= Collected material =
--*--
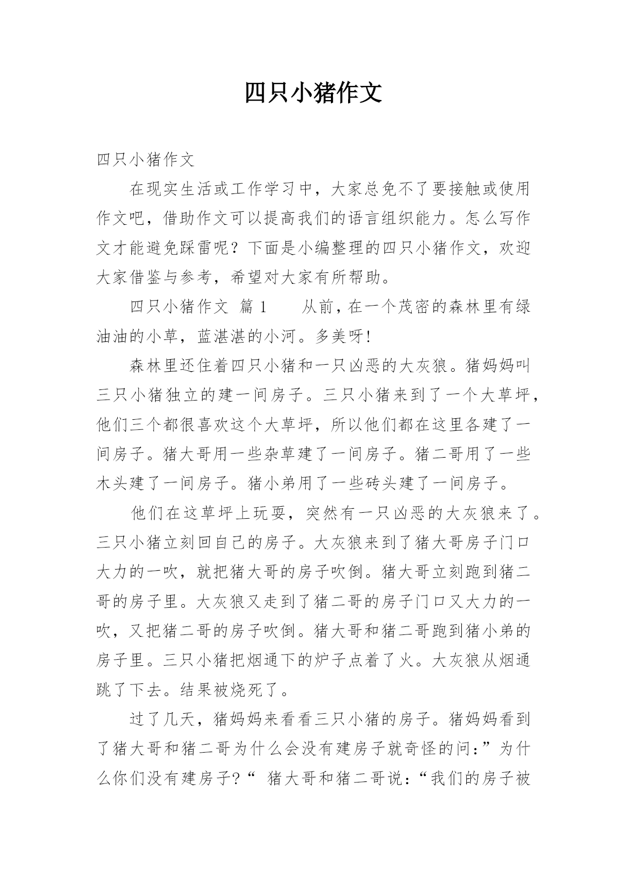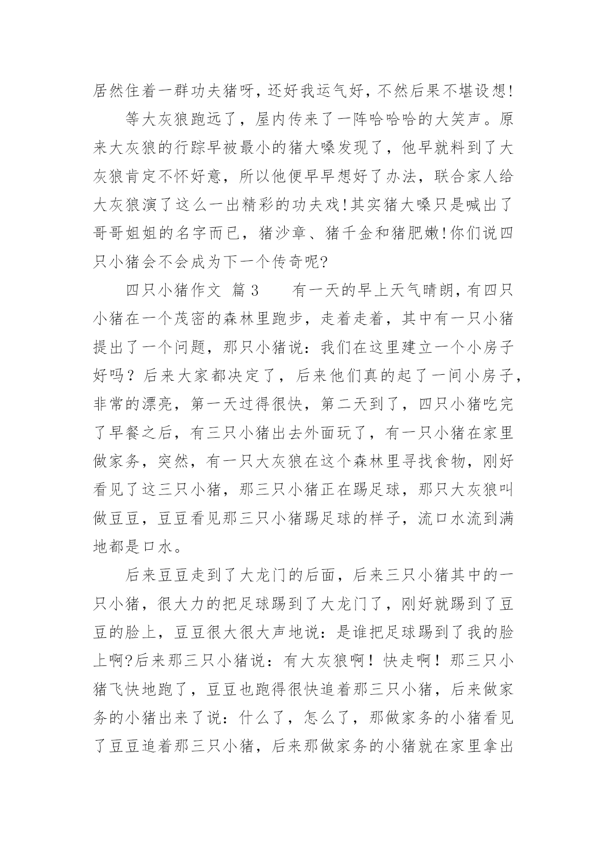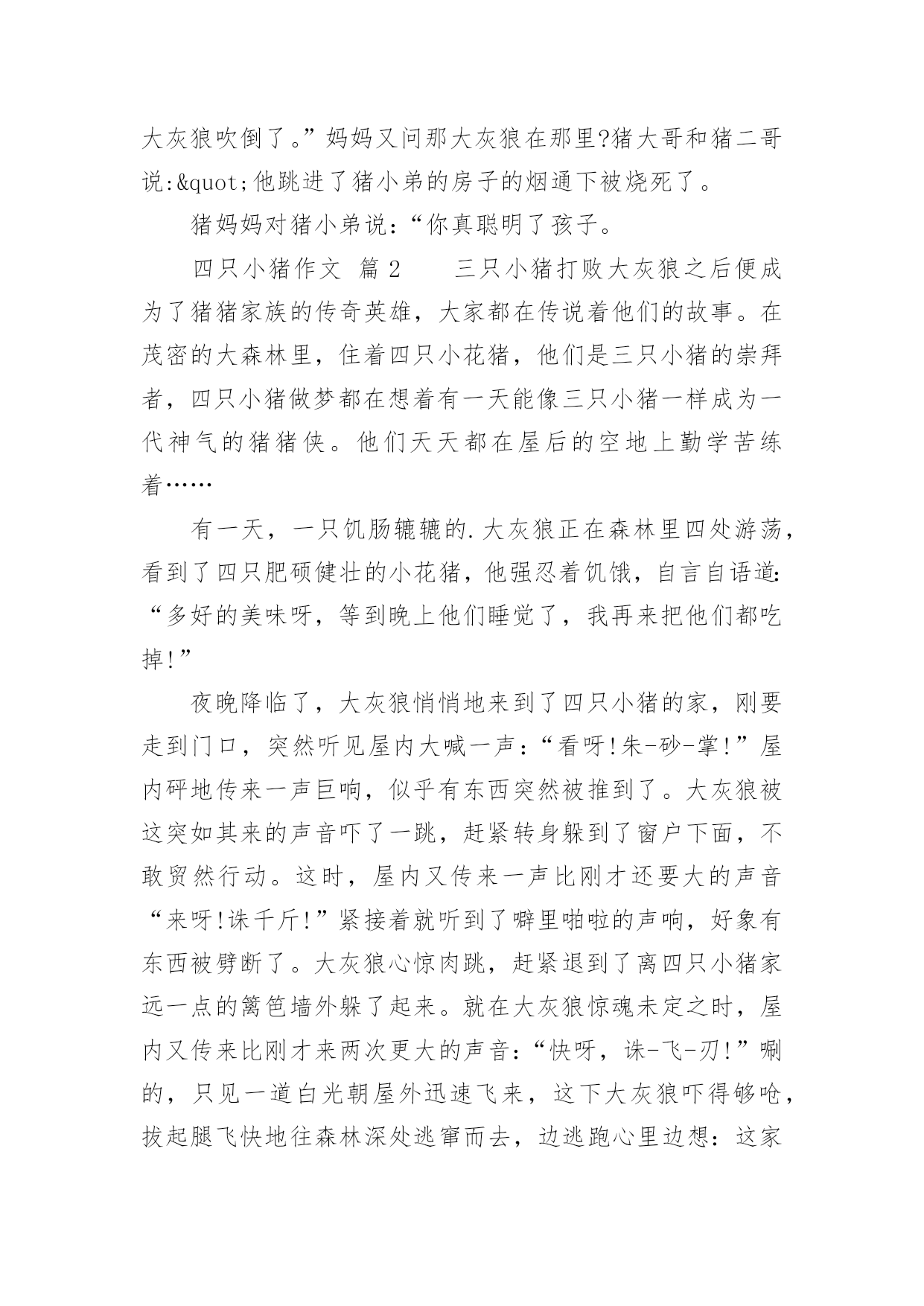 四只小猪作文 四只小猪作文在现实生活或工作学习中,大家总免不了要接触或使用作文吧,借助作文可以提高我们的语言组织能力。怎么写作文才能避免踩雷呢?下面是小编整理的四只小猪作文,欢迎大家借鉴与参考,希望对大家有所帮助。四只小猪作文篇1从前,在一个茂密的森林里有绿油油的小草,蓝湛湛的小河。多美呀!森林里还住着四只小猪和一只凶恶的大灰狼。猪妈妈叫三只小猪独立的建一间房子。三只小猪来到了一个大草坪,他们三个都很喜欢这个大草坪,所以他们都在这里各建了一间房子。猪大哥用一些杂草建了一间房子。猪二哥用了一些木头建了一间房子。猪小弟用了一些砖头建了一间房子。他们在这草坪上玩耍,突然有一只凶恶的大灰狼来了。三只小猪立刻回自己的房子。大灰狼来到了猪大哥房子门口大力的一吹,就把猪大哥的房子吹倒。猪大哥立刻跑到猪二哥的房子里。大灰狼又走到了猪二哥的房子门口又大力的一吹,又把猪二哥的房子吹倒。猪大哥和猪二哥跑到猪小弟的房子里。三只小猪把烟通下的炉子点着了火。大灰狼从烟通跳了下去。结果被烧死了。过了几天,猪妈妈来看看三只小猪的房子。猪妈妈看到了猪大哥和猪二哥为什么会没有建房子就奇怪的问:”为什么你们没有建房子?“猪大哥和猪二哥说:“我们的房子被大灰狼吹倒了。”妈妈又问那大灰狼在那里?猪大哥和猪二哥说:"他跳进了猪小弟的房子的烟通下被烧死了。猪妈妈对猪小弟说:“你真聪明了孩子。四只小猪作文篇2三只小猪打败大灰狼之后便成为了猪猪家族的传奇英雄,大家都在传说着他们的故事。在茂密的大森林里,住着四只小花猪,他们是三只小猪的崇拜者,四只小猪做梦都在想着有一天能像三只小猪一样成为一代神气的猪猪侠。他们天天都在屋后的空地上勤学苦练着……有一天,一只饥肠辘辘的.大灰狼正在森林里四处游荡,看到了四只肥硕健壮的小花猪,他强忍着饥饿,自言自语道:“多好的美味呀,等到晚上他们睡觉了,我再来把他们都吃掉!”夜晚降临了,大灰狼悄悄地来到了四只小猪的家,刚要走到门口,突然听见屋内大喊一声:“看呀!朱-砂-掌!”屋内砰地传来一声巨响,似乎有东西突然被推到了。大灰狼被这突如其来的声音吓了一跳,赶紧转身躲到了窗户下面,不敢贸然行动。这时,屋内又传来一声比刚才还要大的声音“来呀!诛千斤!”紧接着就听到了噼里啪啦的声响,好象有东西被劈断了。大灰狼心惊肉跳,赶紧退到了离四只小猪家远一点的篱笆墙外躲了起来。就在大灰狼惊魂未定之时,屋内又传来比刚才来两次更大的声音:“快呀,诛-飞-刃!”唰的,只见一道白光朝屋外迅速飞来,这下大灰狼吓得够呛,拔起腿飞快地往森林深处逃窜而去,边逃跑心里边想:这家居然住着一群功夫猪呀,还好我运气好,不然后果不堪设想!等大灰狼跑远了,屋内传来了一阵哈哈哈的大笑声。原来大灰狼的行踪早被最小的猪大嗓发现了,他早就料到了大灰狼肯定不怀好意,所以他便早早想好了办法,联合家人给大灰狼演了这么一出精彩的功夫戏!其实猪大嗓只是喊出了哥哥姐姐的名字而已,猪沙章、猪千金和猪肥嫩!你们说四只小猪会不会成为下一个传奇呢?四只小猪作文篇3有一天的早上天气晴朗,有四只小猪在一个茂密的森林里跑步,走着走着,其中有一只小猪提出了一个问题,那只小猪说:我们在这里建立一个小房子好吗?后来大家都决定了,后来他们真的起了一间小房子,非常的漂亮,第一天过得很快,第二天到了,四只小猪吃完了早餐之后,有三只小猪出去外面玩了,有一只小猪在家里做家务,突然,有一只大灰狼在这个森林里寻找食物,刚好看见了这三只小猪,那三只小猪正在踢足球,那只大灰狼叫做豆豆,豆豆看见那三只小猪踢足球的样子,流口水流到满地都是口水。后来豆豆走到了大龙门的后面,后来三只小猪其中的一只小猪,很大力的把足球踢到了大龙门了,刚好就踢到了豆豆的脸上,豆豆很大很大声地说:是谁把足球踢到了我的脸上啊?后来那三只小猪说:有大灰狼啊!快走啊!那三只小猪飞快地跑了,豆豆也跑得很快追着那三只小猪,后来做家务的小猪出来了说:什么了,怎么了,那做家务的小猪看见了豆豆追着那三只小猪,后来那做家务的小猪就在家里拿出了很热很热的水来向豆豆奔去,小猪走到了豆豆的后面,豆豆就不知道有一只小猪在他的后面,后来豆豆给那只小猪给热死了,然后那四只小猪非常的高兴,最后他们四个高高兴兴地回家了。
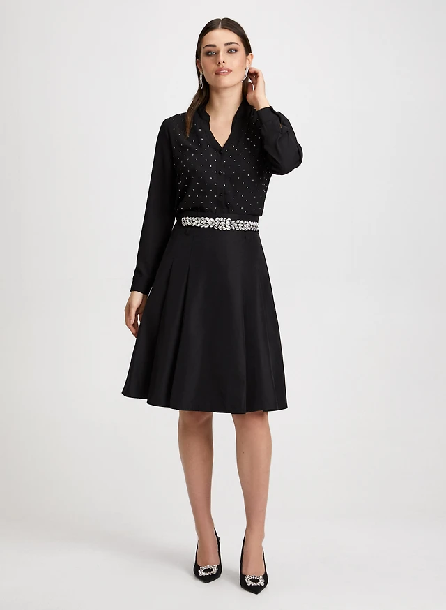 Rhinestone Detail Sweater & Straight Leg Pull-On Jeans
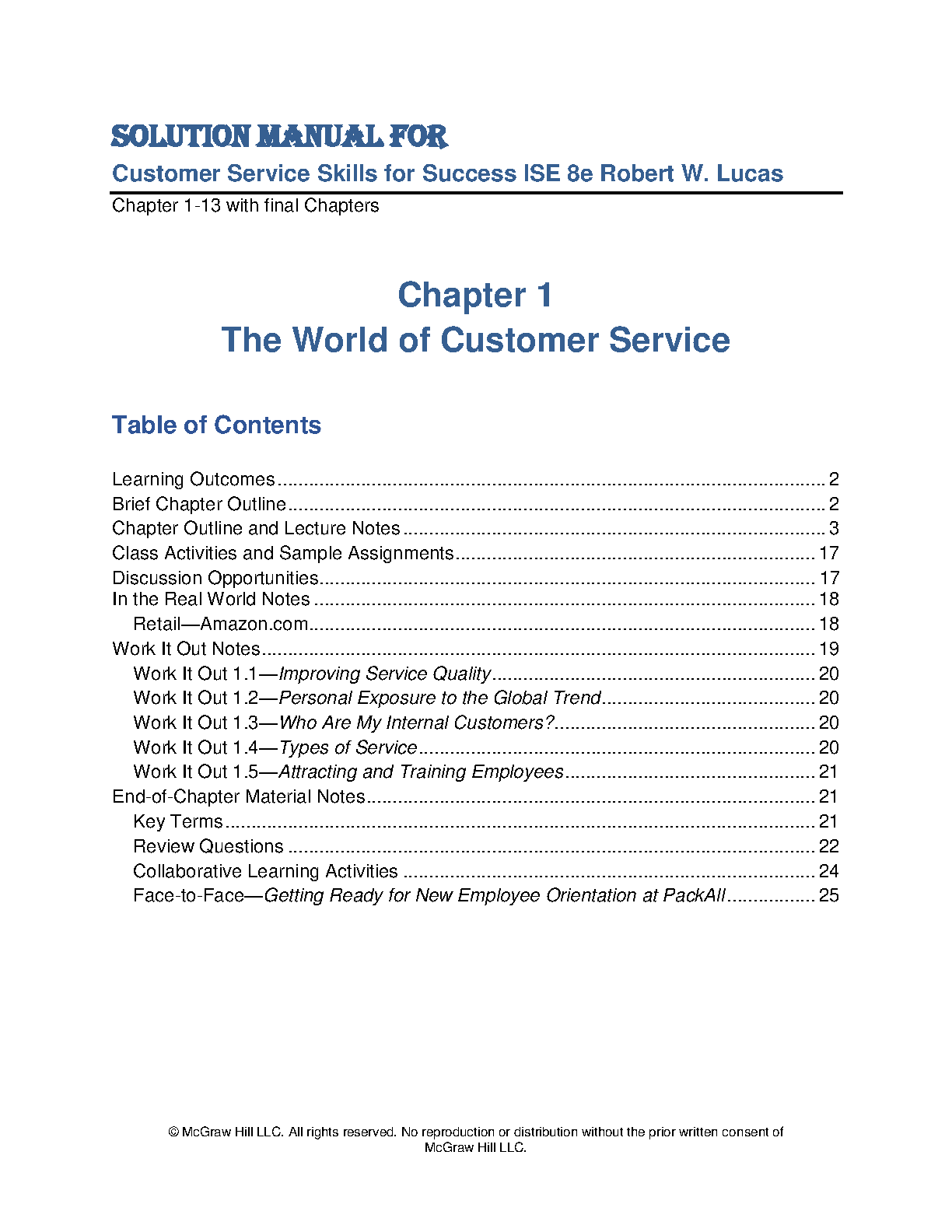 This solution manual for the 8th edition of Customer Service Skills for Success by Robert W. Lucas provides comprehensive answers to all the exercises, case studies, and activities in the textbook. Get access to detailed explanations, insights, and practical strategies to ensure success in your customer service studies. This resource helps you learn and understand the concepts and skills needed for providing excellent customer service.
--*--
= Directions for this task =
Where the line with "Rhinestone Detail Sweater" appears, begin there and transcribe exactly through the last line of the data, leaving all pictures aside.

= Final answer =
 Rhinestone Detail Sweater & Straight Leg Pull-On Jeans
 This solution manual for the 8th edition of Customer Service Skills for Success by Robert W. Lucas provides comprehensive answers to all the exercises, case studies, and activities in the textbook. Get access to detailed explanations, insights, and practical strategies to ensure success in your customer service studies. This resource helps you learn and understand the concepts and skills needed for providing excellent customer service.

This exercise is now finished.